Ingmar Bergman teve uma educação religiosa austera e rígida, em que conceito como pecado, castigo, confissão, perdão e indulgência estavam sempre presentes.  O livro é o resumo de uma vida dedicada à imagem, bem como de uma constante transfiguração de motivos pessoais e mágicos, mas sempre, sempre dolorosos.

Desse modo, encontramos ao longo das páginas de “Lanterna Mágica”, o retrato complexo e severo do pai pastor, e o retrato magoado da mãe, feito a partir de fotografias. A sua iniciação sexual e os seus problemas de saúde. Os casamentos (foram cinco no total, teve nove filhos, tendo três deles se tornado diretores, outros três são atores) e infidelidades.

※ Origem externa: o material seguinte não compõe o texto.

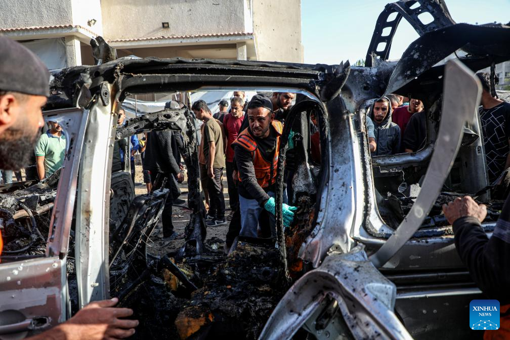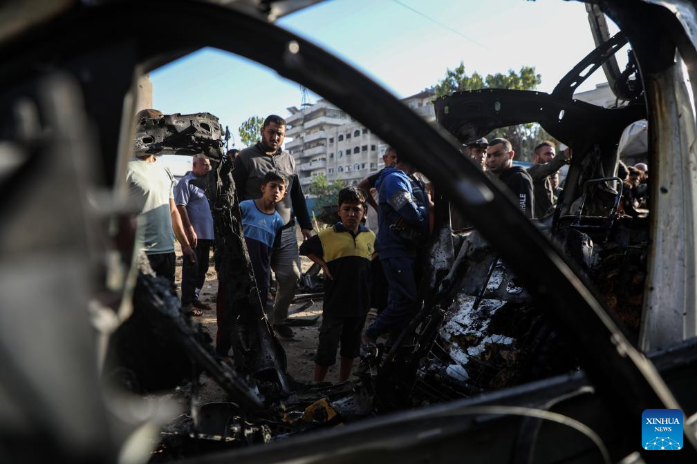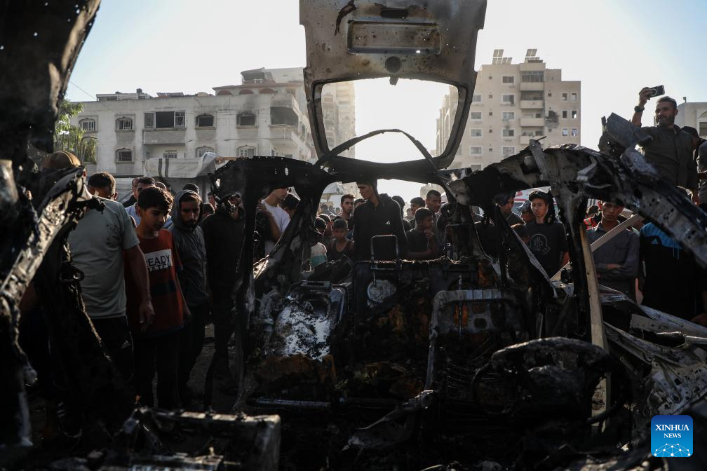 The strike, targeting a civilian vehicle near the Abbas Junction in the Rimal neighborhood, also injured several passersby and set the car on fire, eyewitnesses and medical sources told Xinhua. (Photo by Rizek Abdeljawad/Xinhua)
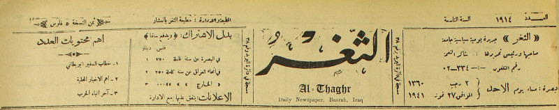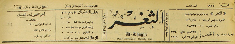 جريدة يومية سياسية عامة = AL-Thaghr : A Daily Newspaper
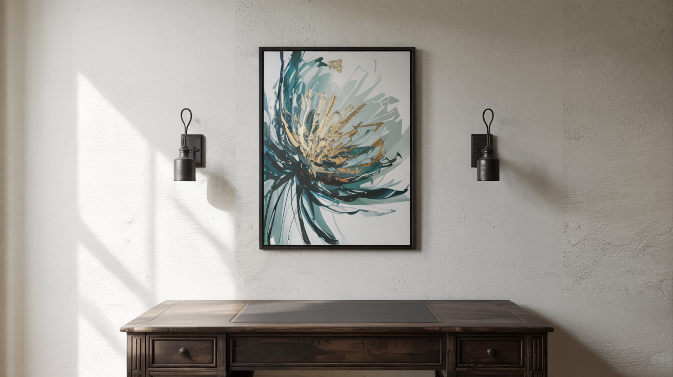 Print a short message that reminds you of your goals or mindset. Frame it in dark wood or steel for a strong, grounded look.
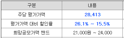 희망 공모가격은 21,000원 ~ 24,000원이고, 삼성증권에서 청약 가능합니다.
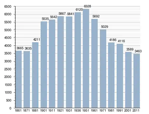 في سنة 1861 بلغ عدد السكان 3٬665 نسمة، وتطور العدد ليصل في سنة 2011 لـ 3٬463 نسمة.

A paixão pelo teatro realista de Henrik Ibsen e August Strindberg (antes de se enveredar pelo cinema, Bergman era um dramaturgo, escrevia peças de teatro – na verdade, ele nunca abandonou essa atividade – e tinha esses autores nórdicos como suas referências literárias).

Nas páginas da sua autobiografia, está também o incessante “embate” com Deus (embora se declarasse ateu, Bergman utilizava a criação artística para exorcizar a culpa por negar uma divindade silenciosa que, no íntimo, não conseguia abandonar por completo). As simpatias da família pelo nacional-socialismo. O elogio a Andrei Tarkovsky (premiado cineasta russo, autor de “A infância de Ivan”) a quem considerava o maior de todos os cineastas.

Em "Lanternas Mágicas" está também registrada a sua devoção ao mestre Victor Sjostrom (ator e também cineasta sueco  autor da primeira adaptação para o cinema de "A letra escarlate", mas por aqui ficou conhecida a versão estadunidense com a atriz Demi Moore) a quem Bergman tinha grande afeição e agradecimento, pois sua entrada no mundo do cinema deu-se através de Sjöstrom, e mais tarde Bergman convidou-o para protagonizar o premiado “Morangos Silvestres”. A eterna musa Liv Ullmann (atriz protagonista de muitos dos seus filmes e uma de suas ex-esposas).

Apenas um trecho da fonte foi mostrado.